I’m grateful to Vons and Albertson’s that they no longer carry molasses cookies. Store-bought molasses cookies never were the shiznit, you know? Dry, chewy without being crispy, lean on flavor. A molasses cookie should be bold, full-bodied, complex. Spicy as a ginger snap, only edible.
So when my son got a yen for molasses cookies, I did what any real man would do. I googled “molasses cookies recipe” and picked the first one that sounded reasonable.
This recipe from About.com’s Southern Food section isn’t quite the shiznit, but it comes close; and if you read to the end, you’ll hear how we improved on an already good thing.
Ingredients:
* 3/4 cup shortening
* 3/4 cup packed light brown sugar
* 1 large egg
* 1/2 cup molasses
* 2 1/2 cups all-purpose flour
* 1/4 teaspoon salt
* 2 teaspoons baking soda
* 1 teaspoon ground cinnamon
* 1 teaspoon ground ginger
* 1/2 teaspoon ground nutmeg
* granulated sugar for rolling cookies
Preparation is a piece of cake.

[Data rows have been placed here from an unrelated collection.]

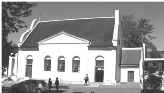
Historický kostel v Mamre, který sboru zdaleka nestačí. Nedělní shromáždění se konají na dvou dalších místech.

Všichni jsme pak v neděli navštívili sbor Moravian Hill, který se teprve v posledních letech znovu dává do práce, protože byl v zóně prohlášené v 60. letech za vyhrazenou bílým. Takzvaný distrikt 6 je dnes symbolem apartheidu, má své muzeum, které ukazuje, jak byla čtvrť postupně vystěhována a v 70. letech zbourána. Pouze kostel s farou se zbourat neodvážili, takže byl kostel změněn na tělocvičnu a fara na bar a v této situaci se dochovaly do 90. let. Po dlouhém vyjednávání a váhání (znovuvýstavba celé zničené čtvrti je práce obrovská) dostal sbor kostel a faru zpátky do užívání teprve před několika lety.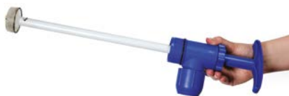
Stap 2 Verwijder de pompstang met bovenstuk en met teflon beklede ring.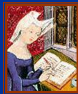
Кристина де Пизан

Кристина де Пизан в своей книге опровергала обвинения ученых мужей против женской природы. Она считала, что образование является основным средством для освобождения от угнетения.

Combine the brown sugar and the butter and whip with an electric mixer until fluffy. Beat in the egg and the molasses. In a bowl or plastic bag, combine all the dry ingredients. Now combine the dry and the wet, stir until homogeneous, and refrigerate one hour.
Preheat oven to 350 F. With a spoon, take out portions of the dough and roll them in your hands so as to make 3/4 inch balls (about 2 cm). Roll these in granulated sugar and place on a nonstick baking sheet about 1 inch apart. Bake for about ten minutes, then cool the cookies on a wire rack.
Now, for our palates, this cookie was still a bit lean on flavor. We thought it needed more molasses flavor and more spice. The texture was perfect, though: nice puff, a chewy center, and crispy edges. If only we could fix the flavor.
No easy way to get more molasses into these cookies, but someone (Karen? Jake? Me?) had a great idea. Instead of rolling the balls in granulated sugar, I rolled them in granulated sugar to which I had added healthy amounts of cinnamon, nutmeg, powdered ginger, and ground coriander (because why not?) How much? If you’ve ever made cinnamon toast, you should have a general idea of a good spice:sugar ratio. The sugar should have a tan color.
Rolling the balls in spiced sugar made all the difference. We still want more molasses flavor, but the spiciness was perfect.
Regarding the molasses: I’ll have to experiment with this. When I googled “substitute molasses for brown sugar,” all I could find were instructions on how to make brown sugar using white sugar and molasses. I may have to do the America’s Test Kitchen thing and make a few hundred molasses cookies in order to figure this one out.
Or I could write a letter to Cook’s Illustrated.
D.
I have a strictly cookies recipe book in CA…I’ll have to look at their recipe for Molasses cookies.I never used coriander…but the rest of the rolling mix sounds good.